Bruce Harry Dinwiddy, CMG (1 February 1946, Epsom - 1 April 2021) was a British diplomat and colonial administrator who served as Governor of the Cayman Islands from 2002 to 2005. Over a Foreign and Commonwealth Office (FCO) career spanning more than three decades, he held senior postings in Europe, Africa, the Middle East, and North America, including appointments as Deputy High Commissioner to Canada, High Commissioner to Tanzania, and non-resident Commissioner of the British Indian Ocean Territory.

==Career==

After joining the Foreign and Commonwealth Office in 1973, Dinwiddy embarked on a diplomatic career spanning more than three decades, during which he held a wide range of overseas and London-based postings. His early assignments included work in the Central and Southern African Department (1973–1974) and a posting to the UK Mission to the CSCE in Geneva as Second Secretary in 1974.

He later served in the Hong Kong and Indian Ocean Department (1974–1975) before moving to Vienna as First Secretary to the UK Delegation to the MBFR negotiations (1975–1977).

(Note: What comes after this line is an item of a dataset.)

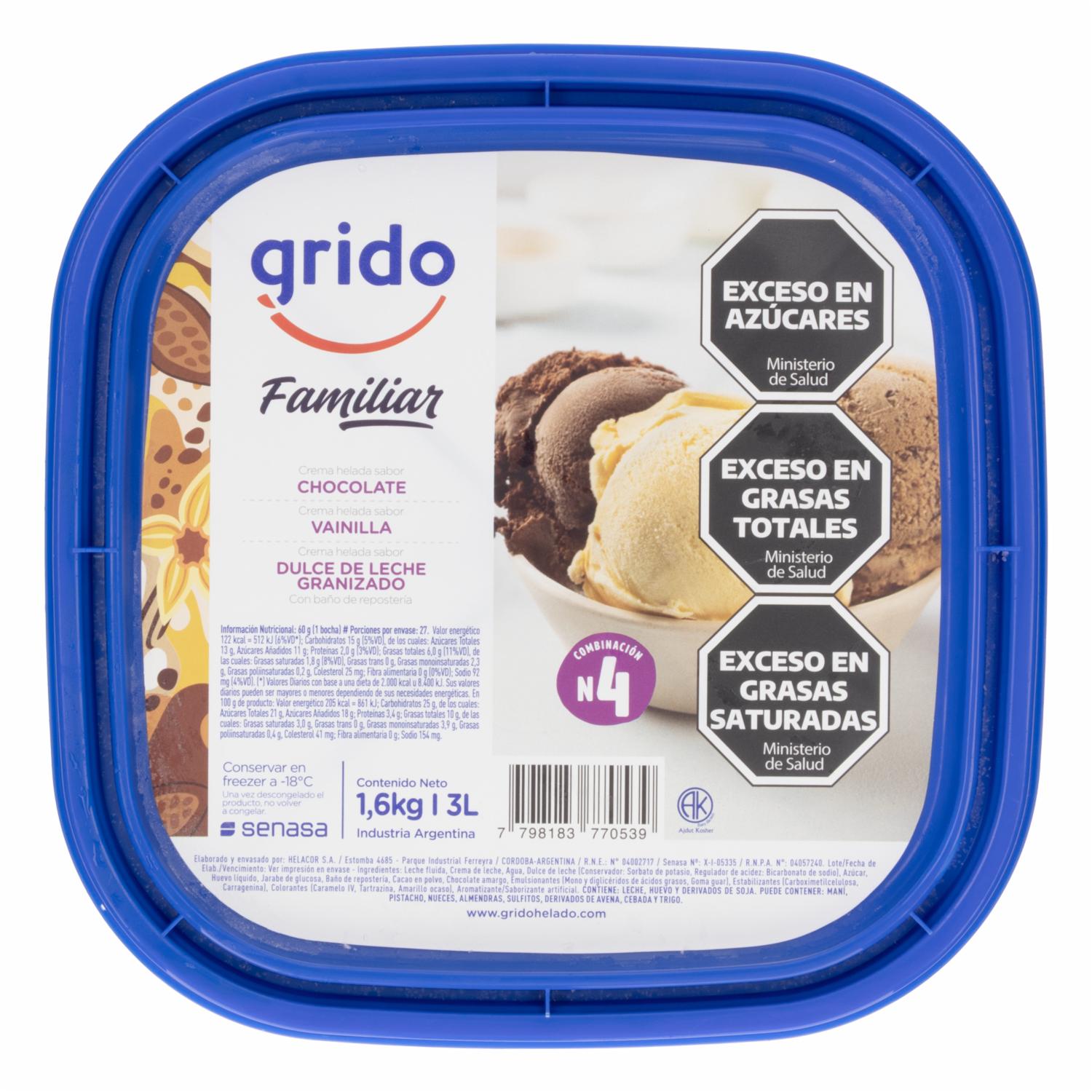 Helado Sabor Chocolate, Vainilla Y Dulce De Leche Granizado GRIDO 1600 G

Between 1977 and 1981, Dinwiddy worked in the Permanent Under Secretary's Department at the FCO, followed by a posting to Cairo as Head of Chancery from 1981 to 1983. He then returned to London to serve in the Personnel Operations Department (1983–1984) and as Assistant Head of the Personnel Policy Department (1985–1986). From 1986 to 1988, he was seconded to the Cabinet Office as a counsellor, after which he undertook a career development attachment at the Stiftung Wissenschaft und Politik in Ebenhausen in 1989.

Later that year, he was appointed Counsellor at the British Embassy in Bonn, serving until 1991. He subsequently became Deputy High Commissioner in Ottawa (1992–1995), before returning to the FCO as Head of the Southern African Department and, concurrently, non-resident Commissioner of the British Indian Ocean Territory from 1996 to 1998. Dinwiddy then served as High Commissioner in Dar es Salaam from 1998 to 2001.

After a brief secondment to Standard Chartered Bank (2001–2002), he was appointed Governor of the Cayman Islands and President of the Executive Council, a position he held from 2002 to 2005.

==Personal life==

He was married to Emma Victoria (née Llewellyn) and has one daughter (b. 1976) and one son (b. 1979).

==Death==

He died on 1 April 2021 at the age of 75.